Une plainte a été déposée contre l’une des membres du conseil d’administration du Collectif 50/50, qui défend les droits des femmes dans le monde du cinéma. Si l’affaire est si sensible, c’est qu’elle réunit tous les débats qui traversent le mouvement féministe.
« On se rend compte qu’on n’était pas préparées à ça… Nul n’est à l’abri de situations pareilles. C’est dramatique, c’est douloureux et, en même temps, c’est pour nous un exercice d’humilité. » Jusqu’à peu, Laurence Lascary était l’une des trois coprésidentes du Collectif 50/50, qui œuvre à l’égalité des droits des femmes – leur visibilité, leur statut, leurs salaires, et la lutte contre les agressions sexuelles – dans le monde du cinéma. C’était avant « l’affaire ». Car, le 11 mars, une militante féministe invitée à une soirée informelle du collectif a accusé une autre femme, membre de son conseil d’administration, d’avoir eu à son égard un geste inapproprié. Depuis, 50/50 a littéralement volé en éclats.
Le mouvement est apparu il y a quatre ans sur la scène médiatique avec la photo de ces 82 femmes, actrices, réalisatrices, productrices, montant les marches du Festival de Cannes. Dès lors, fortes de leur millier d’adhérents et d’adhérentes, mais aussi de leur diversité de profils, elles se sont faites fourmis et ont obtenu des avancées saluées partout, obligeant ici à des quotas, là à des bonus pour la production de films où la parité des films est respectée, rédigeant un Livre blanc sur les violences sexuelles ou mettant en place des mentorats. Trois salariées, un conseil d’administration de vingt et une personnes et un bureau.
Tout ça, évidemment, ne va pas sans tensions. Et la pandémie a raidi les positions. En visioconférence, les points de vue deviennent plus tranchés. « Les différences qu’on avait réussi à additionner ne s’additionnaient plus », confie l’une des administratrices. Et puis, avec des ateliers et des assemblées mis en veilleuse, le noyau dur du conseil s’est éloigné des adhérents. Il faut redynamiser la machine. Un séminaire est donc programmé pour le samedi 12 mars. Et, histoire de mettre de la joie dans tout ça, des retrouvailles informelles sont organisées la veille.

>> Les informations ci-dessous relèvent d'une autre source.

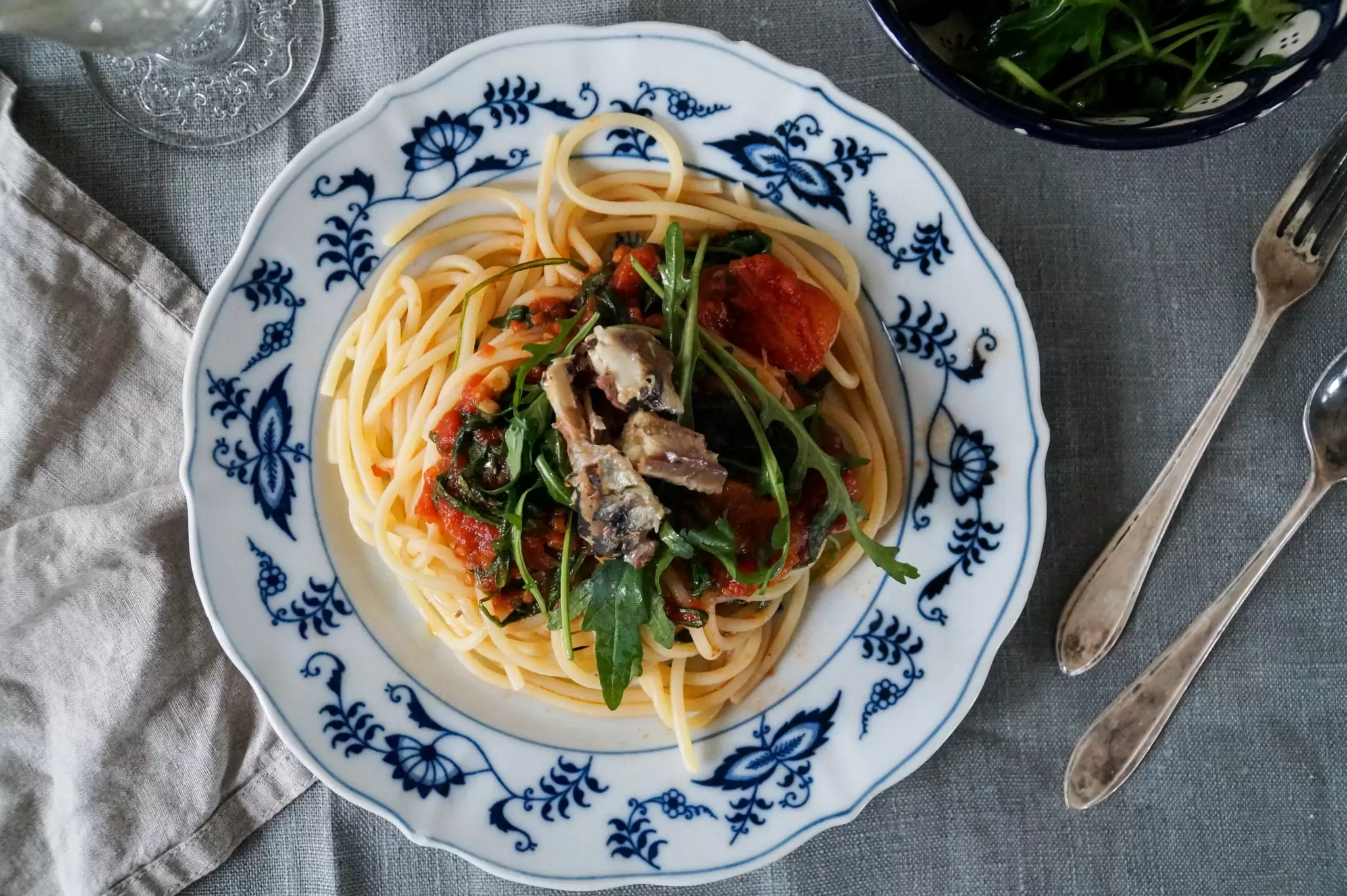 - Roer de pasta en de sardientjes door de saus en breng op smaak met zout en peper.

(…) L’autre hiatus, c’est l’intersectionnalité ou, pour le résumer autrement, la double peine d’être à la fois femme et racisée. (…) Qu’en l’occurrence la plaignante soit comédienne et noire quand l’accusée est productrice et blanche conforte ceux qui théorisent toute violence sexuelle comme une question dominant-dominé. Et que la productrice ait touché les cheveux de la comédienne – de ce geste-là, il y a beaucoup de témoins – peut déjà, en soi, être considéré par certains comme un crime moral.